The Equipment Accounts office looked out over a wide parade ground, on the other side of which was the most striking feature of the camp: four giant aircraft hangars. RAF Titchfield was a maintenance station for Number 12 Balloon Centre, employed when the enormous inflatables, which were sent up from various sites in the area to disrupt low-flying German bombers, required repairs. In the vast hangars at Titchfield the fabric of the balloons would be checked for tears and stitched up by WAAFs handy with a sewing machine, before they were painted with three coats of silver ‘dope’ to prevent any hydrogen gas from leaking out. The girls charged with this unpleasant task spent their days inhaling the noxious fumes from the paint, and were given a special ration of milk as compensation.

The camp was also a training site for balloon-operating teams, and in a field off to one side Margery could see one of the huge inflatables being filled with gas. Lying on its side on the grass, it looked like a giant beached whale, but as Margery watched, the crumpled surface began to ripple and grow taut, until the magnificent 60-foot balloon slowly started to rise off the ground.

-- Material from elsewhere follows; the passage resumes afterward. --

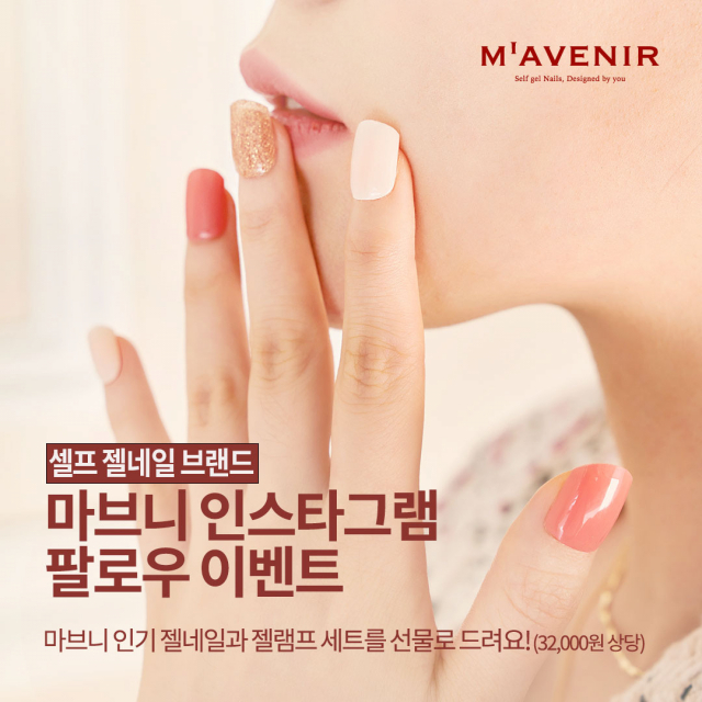△셀프 젤네일 브랜드 마브니가 인스타그램 오픈 기념 '인스타그램 팔로우 이벤트'를 오는 21일까지 진행한다. 마브니 셀프큐어링 네일은 신축성과 색의 밀도가 높고 손톱의 손상은 최소화한 제품으로 많은 소비자가 자신의 개성과 기분에 따라 고품질의 젤네일을 사용해볼 수 있는 기회를 제공하고자 이벤트를 기획했다. 이벤트 참여는 마브니 공식 인스타그램 계정을 팔로우하고 마브니 인기 제품 9종 중 사용해보고 싶은 제품명을 댓글로 남기면 된다. 추첨을 통해 선정된 당첨자에게는 직접 선택한 젤네일 제품 1종과 1만 8000원 상당의 젤램프까지 총 3만 2000원 상당의 셀프 젤네일 세트를 선물로 제공한다. 당첨자는 총 100명이며, 당첨자 발표는 이달 24일이다. 추가 이벤트로 제품을 받은 후 우수 리뷰를 남겨준 10명을 선정해 마브니 사이트에서 제품 구매 시 사용 가능한 1만 포인트도 추가 증정한다.

Although girls had been hard at work maintaining the balloons since the Battle of Britain, it was only recently that the WAAF had agreed to try out all-female teams to actually fly them. These ‘Young Amazons’, as they were known unofficially, were chosen for their physical strength – their training involved weight-lifting, as well as mastering the inflation procedure, splicing the ropes that held the balloons down and operating the winches that kept them anchored. The girls worked in teams of 12, whereas it was seven for all-male groups, but it was a tough job and many women ended up hospitalised with ruptured stomachs.

Compared to the work of the balloon girls, Margery’s job in Equipment Accounts was pretty low-risk, and the heaviest lifting she would have to do was heaving ledgers around the office. But that didn’t make her feel any less nervous as the WAAF sergeant led her up to the door.